Saved data entries:
=====

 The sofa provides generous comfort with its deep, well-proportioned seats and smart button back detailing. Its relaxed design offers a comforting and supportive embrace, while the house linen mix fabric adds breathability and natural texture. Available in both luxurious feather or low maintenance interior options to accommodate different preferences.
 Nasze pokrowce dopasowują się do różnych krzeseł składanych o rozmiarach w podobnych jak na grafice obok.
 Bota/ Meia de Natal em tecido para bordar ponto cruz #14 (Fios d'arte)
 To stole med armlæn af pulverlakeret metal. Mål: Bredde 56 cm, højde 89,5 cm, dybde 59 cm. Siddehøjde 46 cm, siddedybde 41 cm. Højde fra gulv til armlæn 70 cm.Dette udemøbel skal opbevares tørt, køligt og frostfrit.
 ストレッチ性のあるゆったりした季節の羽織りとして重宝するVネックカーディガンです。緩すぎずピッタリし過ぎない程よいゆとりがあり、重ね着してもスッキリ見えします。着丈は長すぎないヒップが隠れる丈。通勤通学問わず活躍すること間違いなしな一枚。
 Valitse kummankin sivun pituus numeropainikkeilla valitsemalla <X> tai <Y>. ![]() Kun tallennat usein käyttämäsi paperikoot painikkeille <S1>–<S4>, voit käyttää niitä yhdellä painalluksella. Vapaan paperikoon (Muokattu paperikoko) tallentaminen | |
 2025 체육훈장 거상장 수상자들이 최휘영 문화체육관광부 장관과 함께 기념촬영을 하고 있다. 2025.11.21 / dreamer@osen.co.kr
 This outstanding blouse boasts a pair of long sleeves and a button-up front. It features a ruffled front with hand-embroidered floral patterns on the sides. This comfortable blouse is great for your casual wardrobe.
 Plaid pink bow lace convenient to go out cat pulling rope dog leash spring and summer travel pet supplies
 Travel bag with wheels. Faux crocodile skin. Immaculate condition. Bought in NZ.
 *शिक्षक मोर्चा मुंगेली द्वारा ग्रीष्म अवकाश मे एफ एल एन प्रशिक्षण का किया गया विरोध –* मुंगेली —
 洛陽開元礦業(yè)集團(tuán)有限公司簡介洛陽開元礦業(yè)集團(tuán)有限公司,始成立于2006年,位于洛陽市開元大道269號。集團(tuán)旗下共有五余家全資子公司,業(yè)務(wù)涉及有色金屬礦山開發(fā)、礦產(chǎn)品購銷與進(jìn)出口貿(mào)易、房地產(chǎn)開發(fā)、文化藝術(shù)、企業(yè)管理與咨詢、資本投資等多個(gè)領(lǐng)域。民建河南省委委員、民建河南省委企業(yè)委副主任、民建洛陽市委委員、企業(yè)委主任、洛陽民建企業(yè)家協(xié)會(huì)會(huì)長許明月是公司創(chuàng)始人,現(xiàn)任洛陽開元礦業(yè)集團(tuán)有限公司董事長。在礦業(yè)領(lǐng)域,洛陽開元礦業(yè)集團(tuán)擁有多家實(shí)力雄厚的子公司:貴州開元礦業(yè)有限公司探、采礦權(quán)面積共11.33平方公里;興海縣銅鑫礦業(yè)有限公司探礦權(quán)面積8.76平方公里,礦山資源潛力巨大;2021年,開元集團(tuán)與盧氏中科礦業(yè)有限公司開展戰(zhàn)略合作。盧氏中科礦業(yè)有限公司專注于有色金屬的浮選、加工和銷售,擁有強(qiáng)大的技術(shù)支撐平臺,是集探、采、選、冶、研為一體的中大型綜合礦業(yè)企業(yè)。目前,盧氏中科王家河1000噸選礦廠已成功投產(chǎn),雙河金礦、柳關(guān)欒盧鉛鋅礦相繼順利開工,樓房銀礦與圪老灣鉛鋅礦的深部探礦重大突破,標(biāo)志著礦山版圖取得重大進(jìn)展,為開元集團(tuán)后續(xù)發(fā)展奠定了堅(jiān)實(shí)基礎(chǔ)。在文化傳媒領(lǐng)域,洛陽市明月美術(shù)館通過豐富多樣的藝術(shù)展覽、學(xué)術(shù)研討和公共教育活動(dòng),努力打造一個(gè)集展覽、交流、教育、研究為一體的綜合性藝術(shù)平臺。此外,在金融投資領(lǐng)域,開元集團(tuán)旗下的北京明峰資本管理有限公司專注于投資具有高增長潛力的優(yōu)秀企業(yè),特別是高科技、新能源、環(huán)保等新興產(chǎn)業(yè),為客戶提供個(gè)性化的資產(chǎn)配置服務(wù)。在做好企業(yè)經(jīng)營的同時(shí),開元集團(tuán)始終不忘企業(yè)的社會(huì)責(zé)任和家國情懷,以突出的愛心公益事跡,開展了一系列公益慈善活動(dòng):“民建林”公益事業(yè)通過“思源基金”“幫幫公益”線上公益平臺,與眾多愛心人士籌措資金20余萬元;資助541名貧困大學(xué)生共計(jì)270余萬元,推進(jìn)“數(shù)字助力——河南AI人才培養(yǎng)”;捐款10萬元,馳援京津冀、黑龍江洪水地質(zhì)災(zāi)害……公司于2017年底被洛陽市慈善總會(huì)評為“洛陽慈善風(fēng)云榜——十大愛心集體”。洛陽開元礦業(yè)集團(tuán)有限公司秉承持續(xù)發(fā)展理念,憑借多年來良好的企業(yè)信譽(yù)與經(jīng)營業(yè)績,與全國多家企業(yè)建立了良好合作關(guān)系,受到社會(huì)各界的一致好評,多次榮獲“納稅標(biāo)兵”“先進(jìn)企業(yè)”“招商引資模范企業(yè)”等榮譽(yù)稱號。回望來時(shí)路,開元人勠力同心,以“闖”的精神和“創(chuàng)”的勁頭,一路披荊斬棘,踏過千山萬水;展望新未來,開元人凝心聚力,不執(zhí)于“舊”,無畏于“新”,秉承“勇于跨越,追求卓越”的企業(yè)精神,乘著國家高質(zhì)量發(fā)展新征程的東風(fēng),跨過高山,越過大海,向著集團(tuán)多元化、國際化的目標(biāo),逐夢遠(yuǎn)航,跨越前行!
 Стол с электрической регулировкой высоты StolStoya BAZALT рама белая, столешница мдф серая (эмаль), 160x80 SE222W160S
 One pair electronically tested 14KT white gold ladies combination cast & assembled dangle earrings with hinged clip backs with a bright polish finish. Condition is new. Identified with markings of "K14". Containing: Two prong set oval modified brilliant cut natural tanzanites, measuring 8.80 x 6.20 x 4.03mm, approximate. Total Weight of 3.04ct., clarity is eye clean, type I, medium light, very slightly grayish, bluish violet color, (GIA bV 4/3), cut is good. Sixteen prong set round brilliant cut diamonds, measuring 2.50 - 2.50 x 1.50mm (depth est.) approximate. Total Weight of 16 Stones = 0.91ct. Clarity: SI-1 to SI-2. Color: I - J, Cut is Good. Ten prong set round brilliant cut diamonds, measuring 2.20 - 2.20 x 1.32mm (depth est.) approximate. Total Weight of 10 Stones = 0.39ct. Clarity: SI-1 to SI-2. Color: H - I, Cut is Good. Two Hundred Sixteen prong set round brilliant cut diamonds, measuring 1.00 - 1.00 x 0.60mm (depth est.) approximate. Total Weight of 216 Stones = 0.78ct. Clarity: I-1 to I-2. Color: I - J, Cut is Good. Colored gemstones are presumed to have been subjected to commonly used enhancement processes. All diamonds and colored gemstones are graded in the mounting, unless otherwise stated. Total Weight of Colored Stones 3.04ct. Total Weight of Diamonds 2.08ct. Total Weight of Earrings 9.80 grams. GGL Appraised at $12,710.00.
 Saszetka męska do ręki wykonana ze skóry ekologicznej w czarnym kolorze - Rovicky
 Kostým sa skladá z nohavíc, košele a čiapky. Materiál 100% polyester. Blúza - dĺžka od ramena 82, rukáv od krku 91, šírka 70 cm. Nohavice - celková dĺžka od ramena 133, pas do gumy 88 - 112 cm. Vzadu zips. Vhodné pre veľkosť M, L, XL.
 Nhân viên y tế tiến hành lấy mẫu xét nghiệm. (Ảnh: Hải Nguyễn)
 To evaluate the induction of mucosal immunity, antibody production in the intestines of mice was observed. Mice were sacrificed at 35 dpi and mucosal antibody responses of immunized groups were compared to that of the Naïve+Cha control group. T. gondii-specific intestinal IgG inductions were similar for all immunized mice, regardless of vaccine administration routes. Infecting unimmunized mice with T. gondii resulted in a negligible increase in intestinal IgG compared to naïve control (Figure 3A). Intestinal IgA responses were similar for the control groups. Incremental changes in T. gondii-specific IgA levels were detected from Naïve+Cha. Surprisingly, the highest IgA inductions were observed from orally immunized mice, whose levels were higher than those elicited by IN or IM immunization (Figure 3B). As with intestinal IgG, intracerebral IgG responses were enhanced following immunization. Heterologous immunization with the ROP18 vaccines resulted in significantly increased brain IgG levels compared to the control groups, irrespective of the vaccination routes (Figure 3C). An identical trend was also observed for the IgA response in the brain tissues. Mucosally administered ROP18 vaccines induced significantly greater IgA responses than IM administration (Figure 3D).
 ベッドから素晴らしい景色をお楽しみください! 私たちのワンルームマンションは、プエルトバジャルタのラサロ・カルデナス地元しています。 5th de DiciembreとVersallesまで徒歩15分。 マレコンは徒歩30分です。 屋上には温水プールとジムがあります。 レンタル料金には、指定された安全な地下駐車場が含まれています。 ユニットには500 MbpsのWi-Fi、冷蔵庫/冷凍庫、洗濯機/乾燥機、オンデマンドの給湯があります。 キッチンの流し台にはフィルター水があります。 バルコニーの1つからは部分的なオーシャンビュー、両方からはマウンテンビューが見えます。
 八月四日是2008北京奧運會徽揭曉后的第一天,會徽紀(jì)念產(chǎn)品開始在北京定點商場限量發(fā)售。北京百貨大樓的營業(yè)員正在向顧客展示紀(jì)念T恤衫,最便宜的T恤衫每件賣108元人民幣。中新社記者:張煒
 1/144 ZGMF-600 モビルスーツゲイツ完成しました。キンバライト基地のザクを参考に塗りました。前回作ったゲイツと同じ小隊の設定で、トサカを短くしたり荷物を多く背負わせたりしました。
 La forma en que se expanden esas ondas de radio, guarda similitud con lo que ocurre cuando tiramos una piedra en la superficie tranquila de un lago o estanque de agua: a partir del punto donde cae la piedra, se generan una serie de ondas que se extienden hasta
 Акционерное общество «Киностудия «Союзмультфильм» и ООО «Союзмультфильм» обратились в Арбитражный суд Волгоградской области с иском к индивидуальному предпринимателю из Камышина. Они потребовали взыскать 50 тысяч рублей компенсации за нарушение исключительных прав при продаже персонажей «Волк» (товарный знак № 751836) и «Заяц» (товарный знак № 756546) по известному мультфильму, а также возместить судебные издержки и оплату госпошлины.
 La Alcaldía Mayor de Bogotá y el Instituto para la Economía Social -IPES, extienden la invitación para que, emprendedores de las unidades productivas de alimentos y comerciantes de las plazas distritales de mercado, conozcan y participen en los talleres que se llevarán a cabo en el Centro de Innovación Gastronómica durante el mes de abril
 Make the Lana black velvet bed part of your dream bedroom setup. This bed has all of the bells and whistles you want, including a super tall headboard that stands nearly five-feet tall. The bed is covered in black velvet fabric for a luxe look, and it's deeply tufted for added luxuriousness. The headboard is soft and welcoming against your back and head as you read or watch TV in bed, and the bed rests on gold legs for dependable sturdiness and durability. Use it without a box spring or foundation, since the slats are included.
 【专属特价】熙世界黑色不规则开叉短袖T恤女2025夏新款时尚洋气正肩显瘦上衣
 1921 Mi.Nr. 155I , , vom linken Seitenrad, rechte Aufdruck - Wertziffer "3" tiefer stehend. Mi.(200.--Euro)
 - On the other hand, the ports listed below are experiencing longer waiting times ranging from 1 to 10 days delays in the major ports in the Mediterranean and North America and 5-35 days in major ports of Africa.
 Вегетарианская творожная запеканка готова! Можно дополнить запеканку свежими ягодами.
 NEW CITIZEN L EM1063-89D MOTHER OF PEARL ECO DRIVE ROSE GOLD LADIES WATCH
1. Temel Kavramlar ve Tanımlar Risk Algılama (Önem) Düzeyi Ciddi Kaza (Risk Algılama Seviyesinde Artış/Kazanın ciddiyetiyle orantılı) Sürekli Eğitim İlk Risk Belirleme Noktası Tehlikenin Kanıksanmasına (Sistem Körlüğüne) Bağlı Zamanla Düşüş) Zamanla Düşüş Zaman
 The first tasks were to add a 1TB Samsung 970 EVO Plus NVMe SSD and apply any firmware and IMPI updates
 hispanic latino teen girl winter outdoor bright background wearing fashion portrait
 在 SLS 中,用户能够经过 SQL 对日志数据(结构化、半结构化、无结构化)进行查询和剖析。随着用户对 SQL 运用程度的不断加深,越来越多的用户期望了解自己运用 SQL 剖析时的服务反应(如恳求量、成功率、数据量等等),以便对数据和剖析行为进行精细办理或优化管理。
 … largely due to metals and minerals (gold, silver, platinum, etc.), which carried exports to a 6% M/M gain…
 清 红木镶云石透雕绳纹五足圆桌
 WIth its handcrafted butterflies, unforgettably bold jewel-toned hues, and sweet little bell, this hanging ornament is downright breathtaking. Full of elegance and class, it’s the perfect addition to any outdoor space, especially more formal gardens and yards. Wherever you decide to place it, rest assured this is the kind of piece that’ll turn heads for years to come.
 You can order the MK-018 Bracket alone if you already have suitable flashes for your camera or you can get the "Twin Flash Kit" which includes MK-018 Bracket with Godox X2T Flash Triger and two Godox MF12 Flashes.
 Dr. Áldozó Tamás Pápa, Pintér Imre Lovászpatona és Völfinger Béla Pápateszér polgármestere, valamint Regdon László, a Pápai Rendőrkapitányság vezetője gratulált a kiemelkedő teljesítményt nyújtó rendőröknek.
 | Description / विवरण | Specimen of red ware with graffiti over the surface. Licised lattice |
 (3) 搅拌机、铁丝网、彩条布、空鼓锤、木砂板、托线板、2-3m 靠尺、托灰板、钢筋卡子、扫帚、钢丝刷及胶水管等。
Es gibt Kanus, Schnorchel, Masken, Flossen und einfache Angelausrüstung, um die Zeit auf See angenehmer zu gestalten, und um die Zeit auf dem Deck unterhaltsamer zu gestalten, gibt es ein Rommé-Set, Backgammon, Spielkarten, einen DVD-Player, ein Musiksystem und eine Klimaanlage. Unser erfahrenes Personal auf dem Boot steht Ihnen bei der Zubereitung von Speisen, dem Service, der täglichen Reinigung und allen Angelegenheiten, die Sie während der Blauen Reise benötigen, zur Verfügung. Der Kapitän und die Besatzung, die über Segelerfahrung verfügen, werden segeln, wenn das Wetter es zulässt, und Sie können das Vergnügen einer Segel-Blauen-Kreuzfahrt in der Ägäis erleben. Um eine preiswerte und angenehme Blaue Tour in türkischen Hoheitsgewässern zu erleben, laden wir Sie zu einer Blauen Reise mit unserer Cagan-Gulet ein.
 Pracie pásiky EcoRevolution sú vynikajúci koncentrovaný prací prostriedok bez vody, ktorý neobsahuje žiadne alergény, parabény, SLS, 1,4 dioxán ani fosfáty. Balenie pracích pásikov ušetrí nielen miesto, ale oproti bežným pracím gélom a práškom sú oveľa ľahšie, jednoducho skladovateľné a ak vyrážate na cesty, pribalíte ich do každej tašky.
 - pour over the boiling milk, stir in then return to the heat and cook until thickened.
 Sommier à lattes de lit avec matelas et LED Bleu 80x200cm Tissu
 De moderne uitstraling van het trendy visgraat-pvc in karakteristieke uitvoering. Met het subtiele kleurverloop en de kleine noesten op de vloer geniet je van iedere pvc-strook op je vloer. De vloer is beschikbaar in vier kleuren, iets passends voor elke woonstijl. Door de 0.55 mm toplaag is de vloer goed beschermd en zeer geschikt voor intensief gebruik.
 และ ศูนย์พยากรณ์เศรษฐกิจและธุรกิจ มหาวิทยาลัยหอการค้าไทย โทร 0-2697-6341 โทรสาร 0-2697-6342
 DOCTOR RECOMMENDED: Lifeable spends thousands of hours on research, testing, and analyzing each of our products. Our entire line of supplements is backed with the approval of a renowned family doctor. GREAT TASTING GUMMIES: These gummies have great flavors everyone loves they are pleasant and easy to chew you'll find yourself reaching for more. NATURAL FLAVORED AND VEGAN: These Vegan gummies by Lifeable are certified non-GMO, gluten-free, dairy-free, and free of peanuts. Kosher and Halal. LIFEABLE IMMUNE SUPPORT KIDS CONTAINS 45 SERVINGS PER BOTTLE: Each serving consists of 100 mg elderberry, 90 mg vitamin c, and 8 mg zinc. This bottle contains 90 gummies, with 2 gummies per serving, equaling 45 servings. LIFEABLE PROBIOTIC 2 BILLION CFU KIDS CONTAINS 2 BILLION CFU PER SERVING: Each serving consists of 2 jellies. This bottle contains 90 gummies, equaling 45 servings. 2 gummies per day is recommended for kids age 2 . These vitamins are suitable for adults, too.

=====

#### [WORK TASK]
A single number is the whole answer: the tally of lines in the entries that hold "which".

#### [RESULT OF THE TASK]
2